Although analytical and semianalytical methods can produce accurate results and provide deep physical insight into the problem under investigation, most of them are limited to single-body distributed systems with simple configurations. For branched multibody distributed systems with complicate configurations, numerical tools such as the FEM often have to be used. The distributed transfer function method (DTFM), which combines the closed form of distributed transfer functions and the concept of finite element analysis, is capable of modeling certain types of multibody distributed systems [12,13]. This method, however, has been limited to frequency–domain solutions, mainly because of the singularities of the global dynamic equilibrium equation that is assembled from the transfer functions of distributed subsystems. Although the DTFM-based analysis has been recently extended to obtain exact transient solutions for stepped distributed systems [14,15], it is not directly applicable to general branched multibody systems.
The objective of the current investigation is to develop a new analytical method for branched multibody distributed dynamic systems that can systematically deliver closed-form solutions in both frequency and time domains. The branched multibody system in consideration is composed of one-dimensional distributed parameter subsystems, lumped parameter subsystems, and feedback controllers. These subsystems are interconnected at certain points that are called nodes. Each distributed subsystem is bounded by two nodes. Shown in Fig. 1 is an example of multibody systems (a flexible structure in vibration) from Ref. [12], which has 19 nodes, 14 distributed subsystems, two lumped subsystems (one oscillator at node 3, and one rigid-body mounted at nodes 10 and 11), and one feedback controller with a sensor at node 6 and an actuator at node 5. Nodes 1, 13, 14, 15, and 19 form the boundary of the structure. Additionally, a spring and a damper are placed at node 2, a distributed constraint (say elastic foundation) is imposed on the subsystem with nodes 7 and 8, and a viscoelastic bounding is reinforced between the subsystem with nodes 10 and 11 and the subsystem with nodes 16 and 17.

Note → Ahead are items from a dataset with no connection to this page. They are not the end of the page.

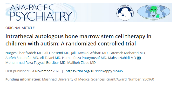 近年來,馬什哈德醫(yī)科大學(xué)在《Wiley Online Library》雜志上發(fā)布了一篇《自閉癥兒童鞘內(nèi)自體骨髓干細(xì)胞治療:一項(xiàng)隨機(jī)對(duì)照試驗(yàn)》,結(jié)果顯示鞘內(nèi)注射自體骨髓間充質(zhì)干細(xì)胞似乎是安全可行的,但在治療兒童自閉癥方面的臨床療效有限。
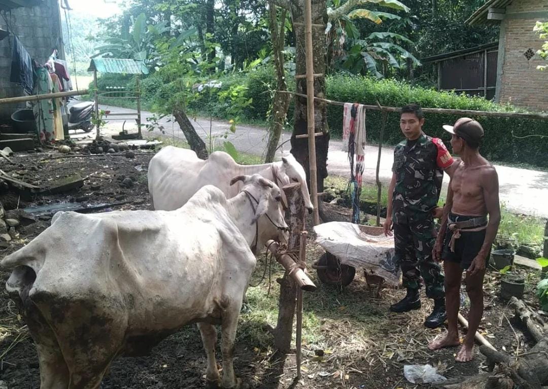 Seperti yang dilakukan oleh Babinsa Mapurujaya Serda Riyanto ia melaksanakan pendampingan kepada salah satu peternak Sapi Desa Sitibentar,Kec Mirit, Kebumen, Selasa (04/04/2023).
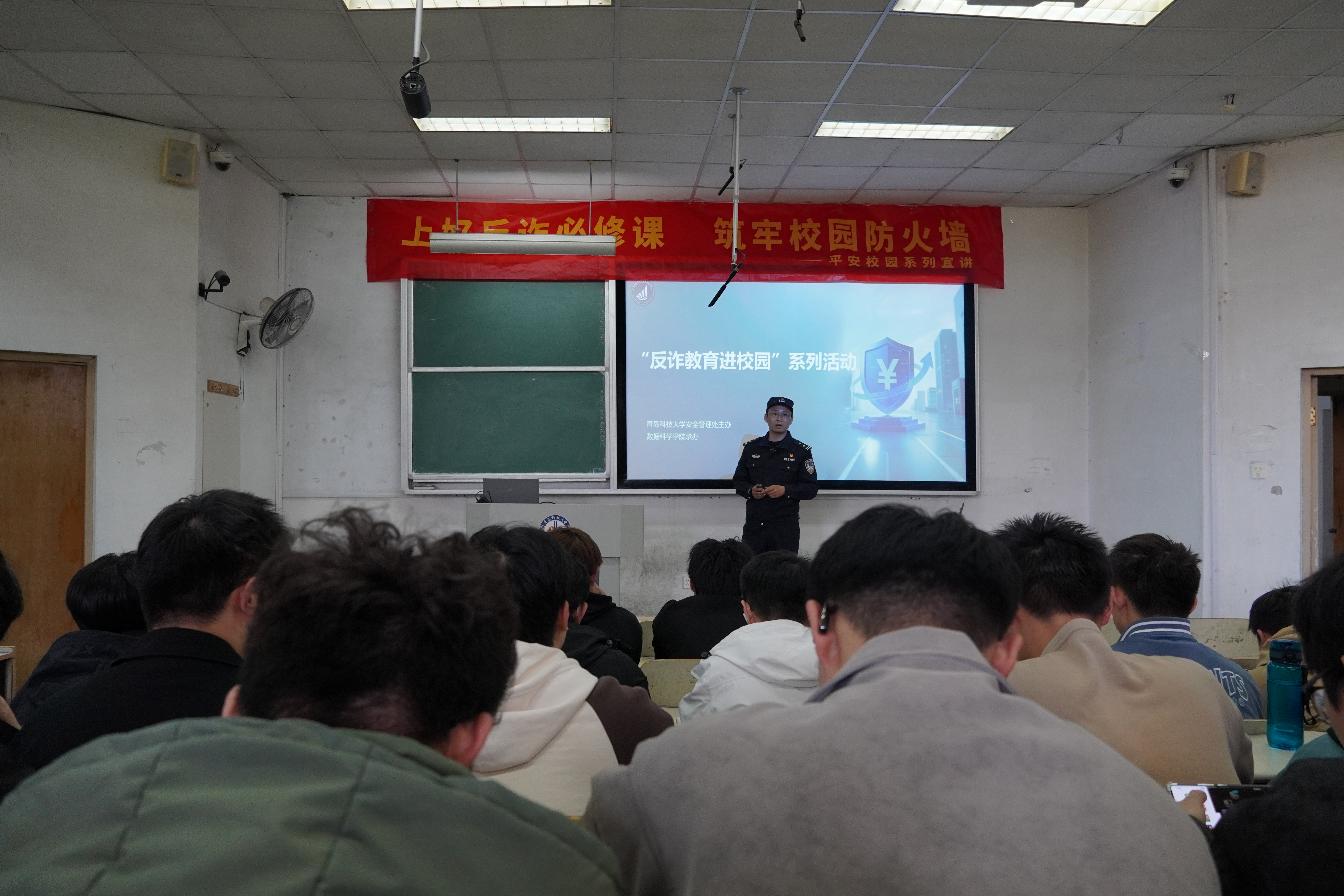 为进一步提升大学生安全防范意识,筑牢校园安全屏障,3月31日下午,数据科学学院在弘毅楼E区102教室顺利开展“反诈教育进校园”素养课程。学院特邀崂山分局金家岭派出所钟连魏警官担任主讲。

Mathematically, the dynamic responses of branched multibody systems like the one shown in Fig. 1 are governed by a mixture of partial differential equations (for distributed subsystems) and ordinary differential equations (for lumped subsystems), which are coupled through multibody interactions (“force balance” and “displacement compatibility”) at interconnecting nodes. Because of the branched configuration, in which more than two distributed subsystems are interconnected at one node, single-body solutions by conventional analytical methods (such as eigenfunction expansion, the Rayleigh–Ritz method and transfer matrix method) cannot be applied herein. Moreover, a feedback controller with noncollocated sensors and actuators, which are also described by ordinary differential equations, can arbitrarily link several distributed subsystems at multiple nodes, rendering multibody interactions more complicated. In addition, the partial differential equations for distributed subsystems in general are nonself-joint due to damping, gyroscopic and circulatory forces, and other effects, yielding nonorthogonal eigenfunctions. These issues make the determination of analytical solutions for a branched multibody distributed system extremely difficult, and as a result, numerical methods almost always have to be used. In the literature, no analytical method is available for systematic determination of closed-form solutions of branched multibody distributed systems in both frequency and time domains.

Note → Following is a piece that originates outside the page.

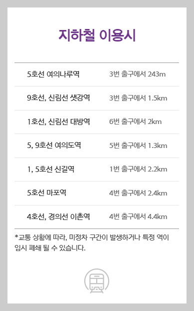 하지만 당일 인파가 몰리면 여의나루역과 여의도역 등은 안전을 위해 미정차할 수 있으니 걷기 편한 차림으로 가시는 것을 추천드립니다.

The new modeling and analysis method proposed in this work is called the augmented DTFM. The novelty of this method lies in its utility of an augmented state formulation for description of multibody interactions, by which the global distributed transfer functions of the multibody distributed system are obtained. This approach does not need to assemble a global dynamic equilibrium equation from subsystem transfer functions, and as such totally eliminates the singularities with the previous DTFM [12]. Another advantage of the proposed method is that the augmented state formulation is flexible in describing the combination of distributed subsystems, lumped subsystems, and feedback controllers, which, as discussed previously, involves a set of coupled partial and ordinary differential equations. With the augmented DTFM, eigensolutions, frequency response, and transient time response of a wide class of branched multibody distributed systems can be systematically obtained in exact and closed form.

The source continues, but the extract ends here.